### COLLECTED DATA ###

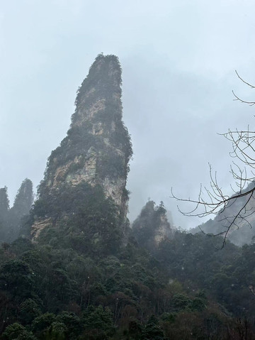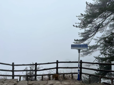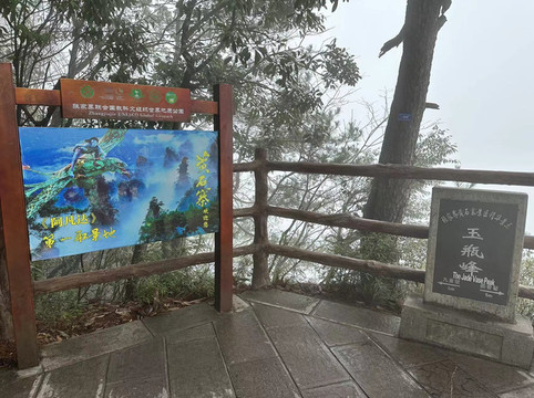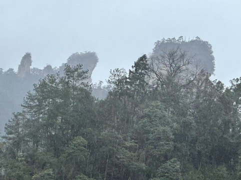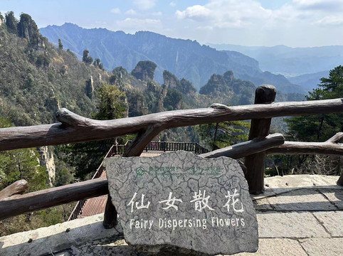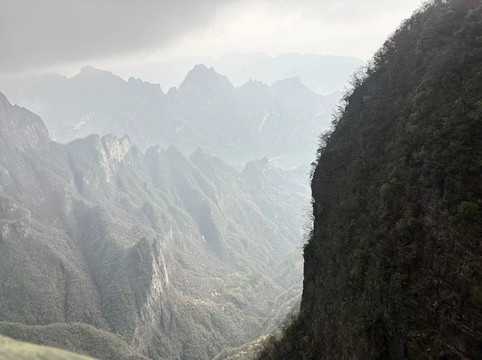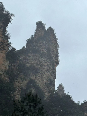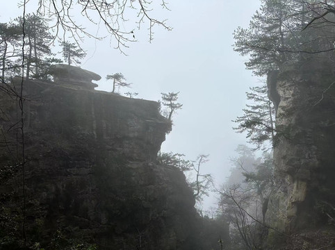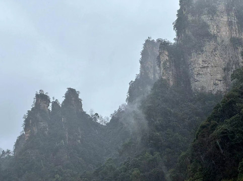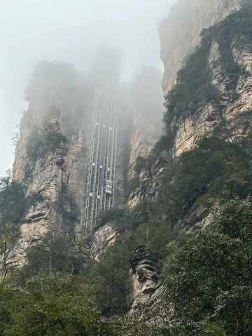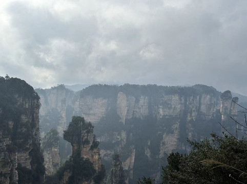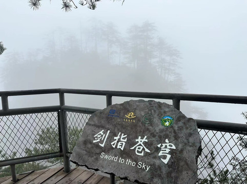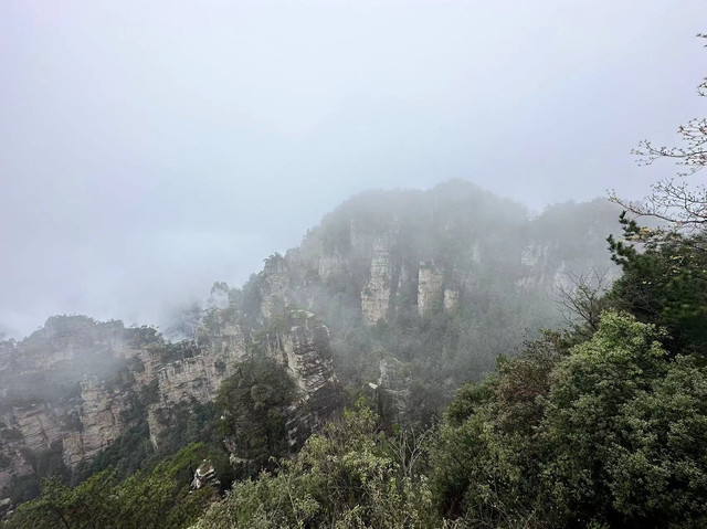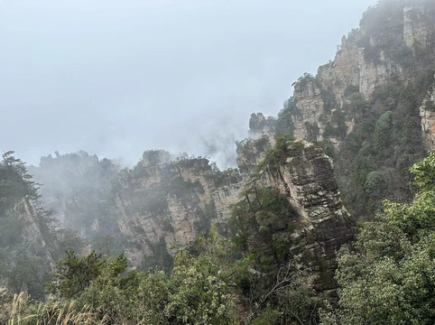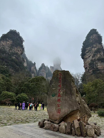 由于坐环保车的时候听同车人员说百龙天梯排长队,所以立即决定前往天子山索道上山走一遍反向的游览路线熟悉路况,果不其然,天子山索道乘坐到一半的时候仿佛进入天宫,车厢外白茫茫一片什么都看不到,下了索道,乘坐环保车五分钟到达天子山核心景区,贺龙公园里面有贺龙元帅的铜像,但是大雾天气几乎什么都看不到,所以就只是快速走了一圈天子山的景点,天子山的景点是以贺龙公园为起始点,往两个方向呈放射状游览,也就是天子山游览景点都是需要走回头路,体力不好的朋友可以根据自身实际情况决定景点的取舍。走一圈之后跟着标识前往停车场坐景区环保小巴车前往杨家界停车场,到了杨家界的时候雾稍微散开了,并且遇上一个刚刚上山来的老奶奶,卖小零食5元两袋10元四袋,买了四袋老奶奶的零食,老奶奶说这会儿雾散了可以看到天然长城了,给我指了指方向,由于本就不打算带着父母走杨家界这段往返的路段所以碰巧雾散了,就直接走过去看天然长城了,
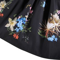 Long-sleeved black dress made of organic cotton with a fitted ribbed jersey top and poplin skirt. The dress has a regular fit with a floral print on the skirt.
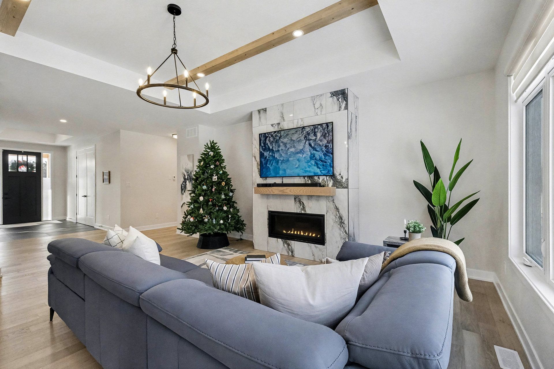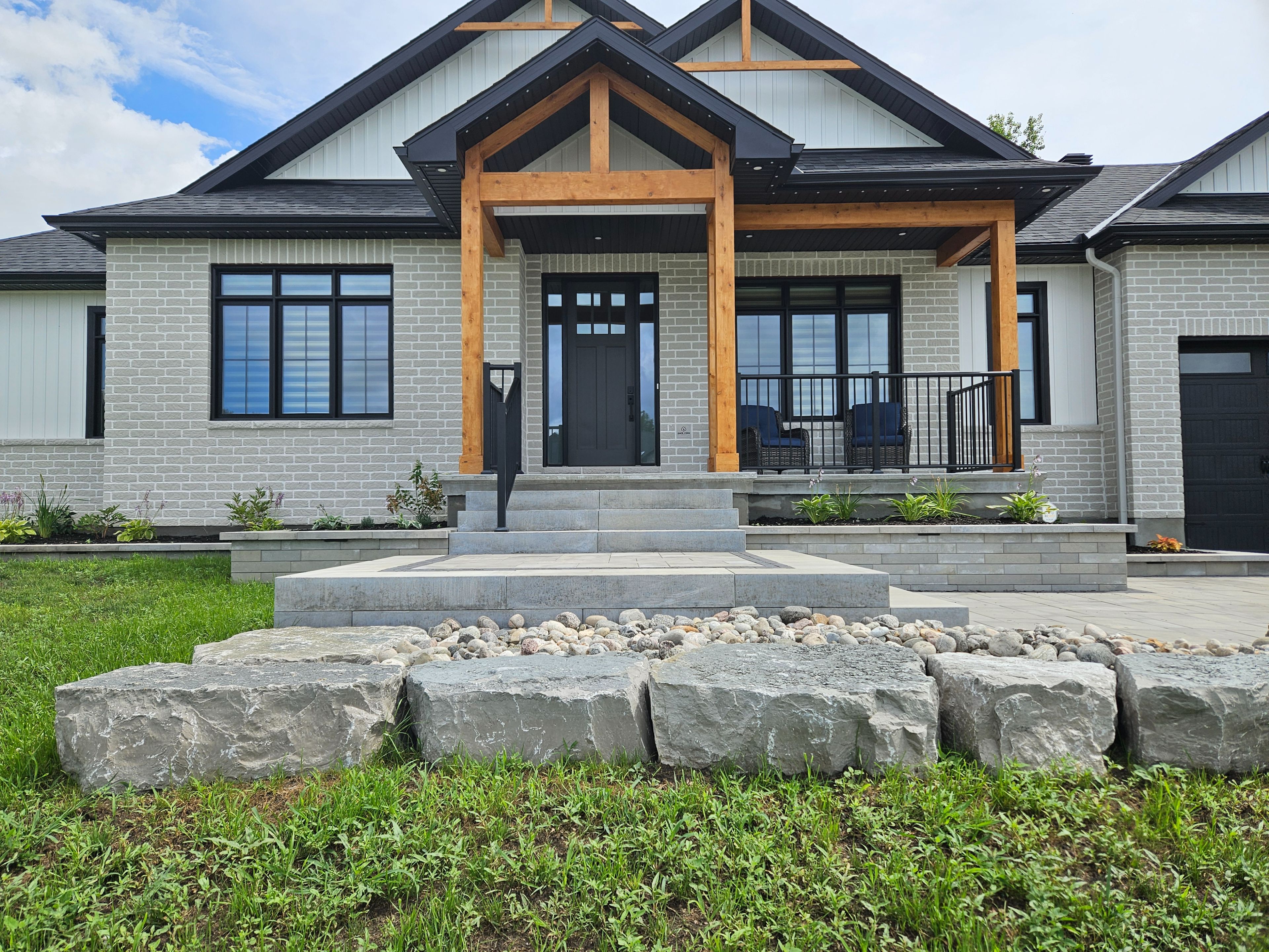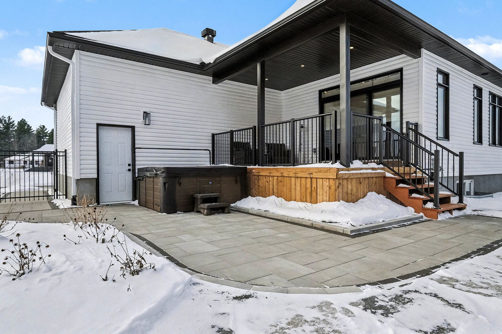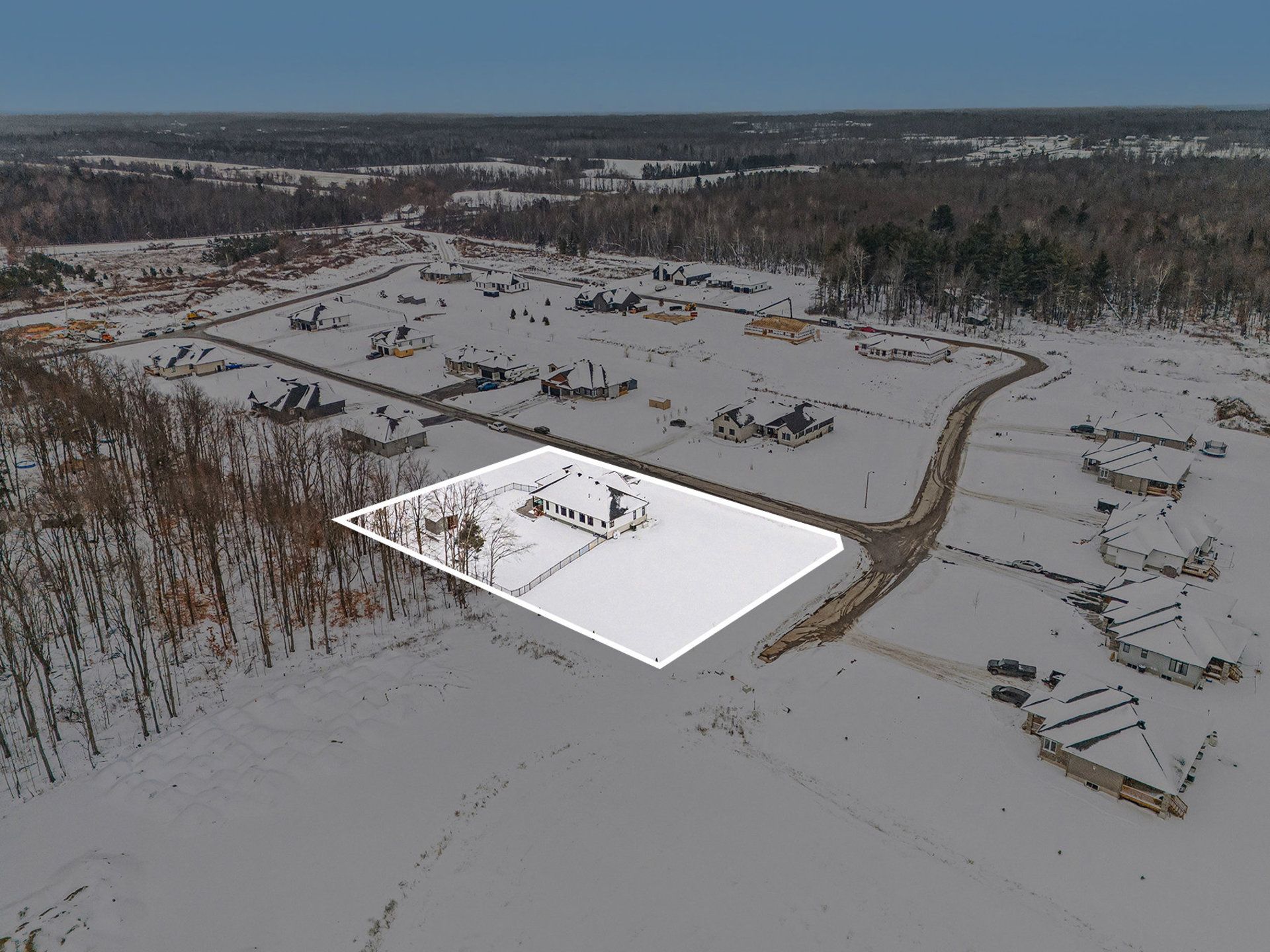 The sussex in silver creek offers a private retreat on 3/4 acre in the peaceful community of hallville. This turnkey, energystar-certified home by parkview homes blends timeless style with modern function in a serene everyday setting. A paved laneway leads to a landscaped front yard with raised gardens and in-ground accent lighting. Inside, the open-concept design features tray ceilings, wide-plank engineered hardwood, and a striking gas fireplace anchoring the living room. The chef-inspired kitchen includes quartz counters, stylish backsplash, stainless steel appliances, large sink, ample storage, and an oversized island perfect for entertaining. A covered porch off the dining area extends living outdoors. A mudroom with garage access and adjacent laundry adds efficiency, while a dedicated office or flex space suits work, study, or hobbies. The primary suite is a true retreat with a spa-like five-piece ensuite featuring a freestanding soaker tub, glass-enclosed shower, and a spacious walk-in closet. Two additional generous bedrooms share a nearby three-piece bath. The lower level offers hardwood flooring and a professionally installed 20' x 12' gym flooring area. Automatic hunter douglas blinds, a generac backup system, and a water treatment system enhance comfort and peace of mind. Outside, the private backyard is designed for relaxation, featuring a large hot tub with lounger, lush greenery, apple, pear, and evergreen trees, perennial gardens, and rose bushes. Elegant wrought-iron fencing on three sides with chain-link along the tree line adds privacy. A professionally designed amish-style shed with lean-to provides ample storage, complementing the attached two-car garage. Custom gemstone permanent decorative lighting highlights the exterior, offering beauty and year-round curb appeal. This exceptional property delivers refined living, thoughtful design, and a tranquil country setting - truly a place to call home.

###

**EXERCISE:** The listing is to be repeated exactly, with its pictures removed.

**PROBLEM SOLUTION:**
 由于坐环保车的时候听同车人员说百龙天梯排长队,所以立即决定前往天子山索道上山走一遍反向的游览路线熟悉路况,果不其然,天子山索道乘坐到一半的时候仿佛进入天宫,车厢外白茫茫一片什么都看不到,下了索道,乘坐环保车五分钟到达天子山核心景区,贺龙公园里面有贺龙元帅的铜像,但是大雾天气几乎什么都看不到,所以就只是快速走了一圈天子山的景点,天子山的景点是以贺龙公园为起始点,往两个方向呈放射状游览,也就是天子山游览景点都是需要走回头路,体力不好的朋友可以根据自身实际情况决定景点的取舍。走一圈之后跟着标识前往停车场坐景区环保小巴车前往杨家界停车场,到了杨家界的时候雾稍微散开了,并且遇上一个刚刚上山来的老奶奶,卖小零食5元两袋10元四袋,买了四袋老奶奶的零食,老奶奶说这会儿雾散了可以看到天然长城了,给我指了指方向,由于本就不打算带着父母走杨家界这段往返的路段所以碰巧雾散了,就直接走过去看天然长城了,
 Long-sleeved black dress made of organic cotton with a fitted ribbed jersey top and poplin skirt. The dress has a regular fit with a floral print on the skirt.
 The sussex in silver creek offers a private retreat on 3/4 acre in the peaceful community of hallville. This turnkey, energystar-certified home by parkview homes blends timeless style with modern function in a serene everyday setting. A paved laneway leads to a landscaped front yard with raised gardens and in-ground accent lighting. Inside, the open-concept design features tray ceilings, wide-plank engineered hardwood, and a striking gas fireplace anchoring the living room. The chef-inspired kitchen includes quartz counters, stylish backsplash, stainless steel appliances, large sink, ample storage, and an oversized island perfect for entertaining. A covered porch off the dining area extends living outdoors. A mudroom with garage access and adjacent laundry adds efficiency, while a dedicated office or flex space suits work, study, or hobbies. The primary suite is a true retreat with a spa-like five-piece ensuite featuring a freestanding soaker tub, glass-enclosed shower, and a spacious walk-in closet. Two additional generous bedrooms share a nearby three-piece bath. The lower level offers hardwood flooring and a professionally installed 20' x 12' gym flooring area. Automatic hunter douglas blinds, a generac backup system, and a water treatment system enhance comfort and peace of mind. Outside, the private backyard is designed for relaxation, featuring a large hot tub with lounger, lush greenery, apple, pear, and evergreen trees, perennial gardens, and rose bushes. Elegant wrought-iron fencing on three sides with chain-link along the tree line adds privacy. A professionally designed amish-style shed with lean-to provides ample storage, complementing the attached two-car garage. Custom gemstone permanent decorative lighting highlights the exterior, offering beauty and year-round curb appeal. This exceptional property delivers refined living, thoughtful design, and a tranquil country setting - truly a place to call home.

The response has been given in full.